GavestonPS Profile Photo
GavestonPS
#12Cigarettes onstage
Posted: 7/16/16 at 7:15pm

EricMontreal22 said: "In some ways I think movie going has become more formal.  My mom talks about how common it was to just walk into a movie whenever you wanted and were there, and then of course if you liked the movie sticking around to watch the beginning you missed (hence the exit line "This is where I came in"Cigarettes onstage

 

"

Didn't the term "B movie" arise because such pictures were shown along with the main, or "A", feature? Add a cartoon or two, a newsreel, and maybe a short, and the "event" of going to the movies could be 90 minutes (if you only saw the main feature) or several hours!

Updated On: 7/16/16 at 07:15 PM

willep
#13Cigarettes onstage
Posted: 7/16/16 at 10:40pm

I feel like I remember reading something where Daniel Radcliffe said he and Richard Griffiths swapped out their herbals for real cigarettes in Equus because they were both smokers. But I could be wrong.

South Fl Marc Profile Photo
South Fl Marc
#14Cigarettes onstage
Posted: 7/16/16 at 10:46pm

Of course they smoked real cigarettes. I ran props for a production of "Carmen" and I had to have a fresh pack for the female chorus "cigarette girls" every show.

wonkit
#15Cigarettes onstage
Posted: 7/17/16 at 6:46am

Answer to an earlier post: smoking was not allowed in the Barnard Library.

GavestonPS Profile Photo
GavestonPS
#16Cigarettes onstage
Posted: 7/17/16 at 7:41am

Thanks, Wonkit. I really couldn't conjure up a picture of myself smoking in the Barnard library. But it has been 34 years. If smoking wasn't allowed at the Barnard library, I'd be surprised if it was allowed at any of the Columbia libraries, since most things--including faculty and rules--had been merged by that point. I'm not even sure we could smoke in class. (For those who don't know the school(s), Columbia and Barnard had merged by the early 1980s, but sort of in the manner of Ontario and Quebec: together in many ways, but still independent in others. That remains true today, though I can't tell you exactly how the partnership works. I really should read the alumni mag.)

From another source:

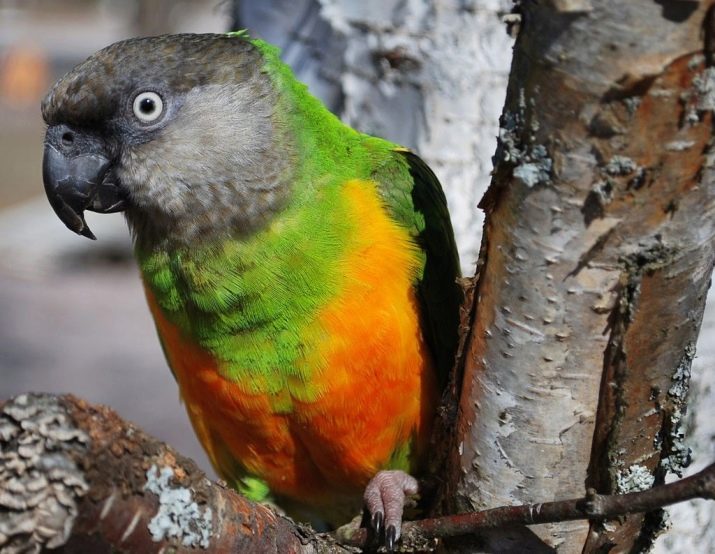 - Senegalese Parrot different in size of 35 cm, serious and independent disposition, life expectancy of 25-40 years, ability to train. The feathered one loves to sleep (at least 10 hours a day). The Senegalese has a green back, wings and tail; yellow-orange abdomen, dark gray head, crest absent.
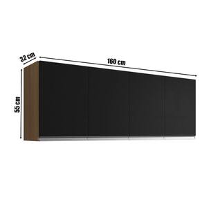 Armário Aéreo para Cozinha Andréia 4 Portas Amendoa Preto - AJL

But I am sure students could smoke at Florida State when my mother went to grad school there in 1972-74. I remember the traditional school desks were larger for college students and, in most buildings, had ashtrays screwed onto the edge of the desk area. (How they ever got emptied, I don't know.)

Updated On: 7/17/16 at 07:41 AM

Dollypop
#17Cigarettes onstage
Posted: 7/17/16 at 7:44pm

What show did he do at the Music Box? (A waiter pointed it out to me)


"Long live God!" (GODSPELL)

willep
#18Cigarettes onstage
Posted: 7/17/16 at 8:16pm

Dollypop said: "What show did he do at the Music Box? (A waiter pointed it out to me)"

 

He hasn't done a show at the Music Box...

Dollypop
#19Cigarettes onstage
Posted: 7/17/16 at 8:30pm

willep said: "Dollypop said: "What show did he do at the Music Box? (A waiter pointed it out to me)"

 

He hasn't done a show at the Music Box...


 

"I wonder if I was eating at Carmine that night? II'm the first to admit my memory gets foggy at times.

 


"Long live God!" (GODSPELL)

GavestonPS Profile Photo
GavestonPS
#20Cigarettes onstage
Posted: 7/17/16 at 9:07pm

Dollypop said: "What show did he do at the Music Box? (A waiter pointed it out to me)

 

"

What thread is this? Who's on first? LOL.